Once again Cam set off for Mexico City in his old Buick. He took with him many large heads of leafy green lettuce. He intended to present a head of lettuce to each person he met with. This was his way of showing them just what the Indians were capable of growing with a little help and knowledge.
In Mexico City, Cam met with many government officials. Each person Cam spoke to was very impressed. Although Cam didn’t return with everything on his wish list, he did return with an old truck and a promise from Professor Zamora, the new director of rural education, that he would visit Tetelcingo to see for himself the progress being made there.
In early January 1936, an important visitor did come to Tetelcingo. Cam was weeding the garden in the village square when he heard the children start to shout, and it seemed like every dog in the area was barking. Cam wiped his hands on his coveralls and stepped out from behind a row of pole beans.
At the far end of the square, two large, black limousines, undoubtedly the first ever to enter the village, had pulled to a halt. A chauffeur jumped out of the lead car and opened the back door. A man in a dark suit stepped out. Cam stood in amazement. He immediately recognized the man as President Cárdenas.

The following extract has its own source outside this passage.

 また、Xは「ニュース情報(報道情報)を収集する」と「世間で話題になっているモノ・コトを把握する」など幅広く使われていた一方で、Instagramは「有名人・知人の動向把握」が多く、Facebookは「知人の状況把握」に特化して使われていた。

Cam stood staring as the president shook hands with the village people who crowded around him. As he watched, Cam wondered what on earth the president of Mexico was doing in such a tiny, out-of-the-way place.

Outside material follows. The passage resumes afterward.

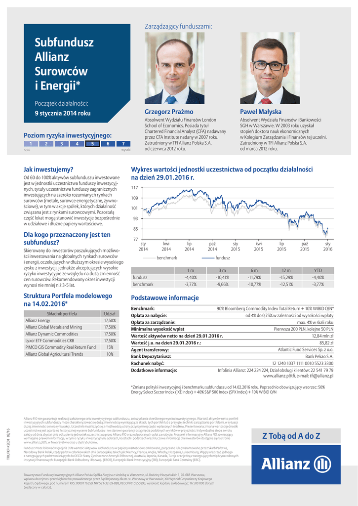 Zarządzający funduszami: Subfundusz Allianz Surowców i Energii* Początek działalności: 9 stycznia 2014 roku Poziom ryzyka inwestycyjnego: 1 2 3 4 5 6 7 wysoki niski Jak inwestujemy? Od 60 do 100% aktywów subfunduszu inwestowane jest w jednostki uczestnictwa funduszy inwestycyjnych, tytuły uczestnictwa funduszy zagranicznych inwestujących na szeroko rozumianych rynkach surowców (metale, surowce energetyczne, żywnościowe), w tym w akcje spółek, których działalność związana jest z rynkami surowcowymi. Pozostałą część lokat mogą stanowić inwestycje bezpośrednie w udziałowe i dłużne papiery wartościowe. Dla kogo przeznaczony jest ten subfundusz? Skierowany do inwestorów poszukujących możliwości inwestowania na globalnych rynkach surowców i energii, oczekujących w dłuższym okresie wysokiego zysku z inwestycji, jednakże akceptujących wysokie ryzyko inwestycyjne ze względu na dużą zmienność cen surowców. Rekomendowany okres inwestycji wynosi nie mniej niż 3-5 lat. Struktura Portfela modelowego na 14.02.2016* Składnik portfela Allianz Energy Allianz Global Metals and Mining Allianz Dynamic Commodities Lyxor ETF Commodities CRB PIMCO GIS Commodity Real Return Fund Allianz Global Agricultural Trends Udział 17,50% 17,50% 17,50% 17,50% 15% 10% Grzegorz Prażmo Paweł Małyska Absolwent Wydziału Finansów London School of Economics. Posiada tytuł Chartered Financial Analyst (CFA) nadawany przez CFA Institute nadany w 2007 roku. Zatrudniony w TFI Allianz Polska S.A. od czerwca 2012 roku. Absolwent Wydziału Finansów i Bankowości SGH w Warszawie. W 2003 roku uzyskał stopień doktora nauk ekonomicznych w Kolegium Zarządzania i Finansów tej uczelni. Zatrudniony w TFI Allianz Polska S.A. od marca 2012 roku. Wykres wartości jednostki uczestnictwa od początku działalności na dzień 29.01.2016 r. 117 109 101 93 85 77 sty 2014 kwi 2014 lip 2014 paź 2014 benchmark fundusz benchmark sty 2015 kwi 2015 lip 2015 paź 2015 sty 2016 fundusz 1m -4,40% -3,77% 3m -10,41% -9,66% 6m -11,79% -10,77% 12 m -15,29% -12,51% YTD -4,40% -3,77% Podstawowe informacje 90% Bloomberg Commodity Index Total Return + 10% WIBID O/N* Benchmark: od 4% do 0,75% w zależności od wysokości wpłaty Opłata za nabycie: max. 4% w skali roku Opłata za zarządzanie: Pierwsza 200 PLN, kolejne 50 PLN Minimalna wysokość wpłat 12,84 mln zł Wartość aktywów netto na dzień 29.01.2016 r. 85,82 zł Wartość j.u. na dzień 29.01.2016 r.: Atlantic Fund Services Sp. z o.o. Agent transferowy: Bank Pekao S.A. Bank Depozytariusz: 12 1240 1037 1111 0010 5523 3300 Rachunek nabyć: Infolinia Allianz: 224 224 224, Dział obsługi klientów: 22 541 79 79 Dodatkowe informacje: www.allianz.pl/tfi, e-mail: [email protected] TFIUFKP-KSE01 02/16 *Zmiana polityki inwestycyjnej i benchmarku subfunduszu od 14.02.2016 roku. Poprzednio obowiązujący wzorzec: 50% Energy Select Sector Index (IXE Index) + 40% S&P 500 Index (SPX Index) + 10% WIBID O/N Allianz FIO nie gwarantuje realizacji założonego celu inwestycyjnego subfunduszu, ani uzyskania określonego wyniku inwestycyjnego. Wartość aktywów netto portfeli inwestycyjnych subfunduszy może charakteryzować się dużą zmiennością wynikającą ze składu tych portfeli lub z przyjętej techniki zarządzania portfelami, w sytuacji dużej zmienności cen na rynku akcji. Uczestnik musi liczyć się z możliwością utraty przynajmniej części wpłaconych środków. Prezentowana zmiana wartości jednostki uczestnictwa jest oparta na historycznej wycenie Subfunduszu i nie stanowi gwarancji osiągnięcia podobnych wyników w przyszłości. Indywidualna stopa zwrotu zależy od dnia zbycia i dnia odkupienia jednostek uczestnictwa przez Allianz FIO oraz od pobranych opłat za nabycie. Prospekt informacyjny Allianz FIO zawierający wymagane prawem informacje, w tym o ryzyku inwestycyjnym, opłatach, kosztach i podatkach oraz kluczowe informacje dla inwestorów dostępne są na stronie www.allianz.pl/tfi, w Towarzystwie oraz u dystrybutorów. Fundusz może lokować więcej niż 35% wartości aktywów subfunduszu w papiery wartościowe emitowane, poręczane lub gwarantowane przez Skarb Państwa, Narodowy Bank Polski, rządy państw członkowskich Unii Europejskiej takich jak: Niemcy, Francja, Anglia, Włochy, Hiszpania, Luksemburg, Węgry oraz rząd jednego z następujących państw należących do OECD: Stany Zjednoczone Ameryki Północnej, Australia, Japonia, Kanada, Turcja oraz jedną z następujących międzynarodowych instytucji finansowych: Europejski Bank Odbudowy i Rozwoju (EBOR), Europejski Bank Inwestycyjny (EBI), Europejski Bank Centralny (EBC). Towarzystwo Funduszy Inwestycyjnych Allianz Polska Spółka Akcyjna z siedzibą w Warszawie, ul. Rodziny Hiszpańskich 1, 02-685 Warszawa, wpisana do rejestru przedsiębiorców prowadzonego przez Sąd Rejonowy dla m. st. Warszawy w Warszawie, XIII Wydział Gospodarczy Krajowego Rejestru Sądowego, pod numerem KRS: 0000176359, NIP 521-32-59-888, REGON 015555893, wysokość kapitału zakładowego: 16 500 000 złotych (wpłacony w całości). Z Tobą od A do Z

A few moments later, President Cárdenas’s gaze fell on Cam. “Buenos días, señor presidente,” Cam said as he stepped forward to shake the president’s hand.

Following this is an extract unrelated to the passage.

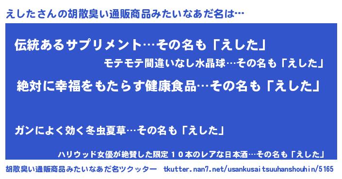 | ヘコむあだ名 | 『えした(爆)』『えしを』『酢こんぶ』 |

The president smiled. “Buenos días, señor Townsend,” he replied.
The words whirled in Cam’s head. Señor Townsend. The president knew his name!
“I have read about your good work,” the president went on, “and I have come to inspect it for myself. First let me speak to the people.”
At first Cam was too shocked to speak. Then he regained his composure. “Certainly, señor presidente. I would be honored if you would come to my humble trailer and see the work we are trying to do.”
That is exactly what happened. After President Cárdenas had addressed the people of the village, he walked with Cam over to the house trailer, where the two of them sat together under the shade of a bamboo and cheesecloth awning. The president explained how he had been sent the Aztec reading primer Cam had prepared and had wanted the government to publish. This had led him to make inquiries about Cam’s work. And the inquiries had brought the president to Tetelcingo to see firsthand what was being done for the Indians.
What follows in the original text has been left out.